While the official line the Coalition is adopting in its stance on industrial relations is based around anti-corruption measures, there has also voices within business, traditionally a key Coalition support base, calling for cuts to penalty rates, which would largely affect hospitality and retail workers. Going hand in hand with its ‘jobs and growth’ rhetoric, the Coalition argues that increased wages on weekends and public holidays contribute a great extent to the costs of small business owners. The idea is to reduce the overhead cost for retailers, especially on weekends, so that it remains profitable for them to operate then, creating or ‘saving’ jobs and stimulating growth within the struggling retail sector. However, while there are many Liberal Party allies in the business community publicly supporting such cuts, Turnbull’s official party policy is to adhere to the recommendations and evaluations of the Fair Work Commission.

Labor

As indicated by the double dissolution earlier in the year, the ALP is strongly against the Coalition’s efforts to re-introduce the ACCC, arguing that the public should trust instead in Fair Work Building & Construction, set up as a replacement body after the ACCC was abolished in 2012. Essentially tasked with the same portfolio, the Fair Work Building & Construction watchdog has oversight of the use of coercive powers, but does not go as far as the ABCC once did. Labor argues that while such powers are subject to permission from the Administrative Appeals Tribunal, it allows for better policing in the industry.

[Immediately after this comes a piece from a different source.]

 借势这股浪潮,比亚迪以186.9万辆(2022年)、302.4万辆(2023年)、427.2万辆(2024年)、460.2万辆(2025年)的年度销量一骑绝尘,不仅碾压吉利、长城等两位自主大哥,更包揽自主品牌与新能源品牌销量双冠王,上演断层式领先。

Regarding the debate on penalty rates, Bill Shorten has had a hard time making promises to both the business owners that are likely to benefit from such cuts as well as the unions that form the ALP’s base. This has led to Shorten publicly labelling the Labor Party as the ‘party of penalty rates’ in one instance, only to backtrack and state that there are no guarantees that such penalty cuts will not occur. Essentially, the ALP sees penalty rates as a ‘fundamental part of a strong safety net for Australian workers’, but are willing to follow their counterparts in abiding by the Fair Work Commission’s ruling on the matter.

Greens

Like Labor, the Greens are also against the reestablishment of the ACCC but unlike Shorten who trusts in the new body created by his predecessors, the Greens are proposing a national broad-based anti-corruption watchdog that cracks down on all forms of corruption, regardless of the industry. In February, prominent Greens MP Adam Bandt argued that both blue collar and white collar workers should be subject to such watchdogs and that previous governments have ‘turned the other way’ when it came to corruption in the corporate world.

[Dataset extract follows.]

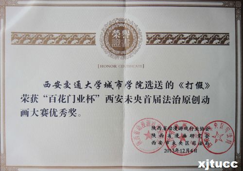 2013年首届"百花门业杯"西安未央法治原创动漫大赛《共铸法治路 同圆中国梦》颁奖活动圆满结束,此次活动是由西安市未央区司法局主办,陕西省动漫游戏行业协会、陕西省动漫研究会等单位承办。据悉,此次活动共征集到了来自省内外大专院校和社会动画公司千余件作品。大赛最终评出一等奖一名,二等奖两名,三等奖三名,优秀奖十名。威尼斯7798cc艺术设计系动画教研室韩仲远老师指导,动画001班王文颖、吴静等同学制作的纸片定格动画《打假》获得优秀奖;同时,学院艺术设计系动漫设计教研室被授予优秀组织奖。

Amongst the three parties, the Greens appear to have the clearest mindset when it comes to penalty rates. The party believes that ‘penalty rates are a recognition of unsociable hours that many people work’. Furthermore, Bandt has stated that young workers and university students, who are typically casual workers on the weekends, are particularly susceptible to such cuts as the penalty rates represent a substantial amount of their living wage. Instead of waiting for the Fair Work Commission to make an official independent ruling, the Greens want to protect Sunday penalty rates with legislation through parliament, diverging from the policies of the two major parties.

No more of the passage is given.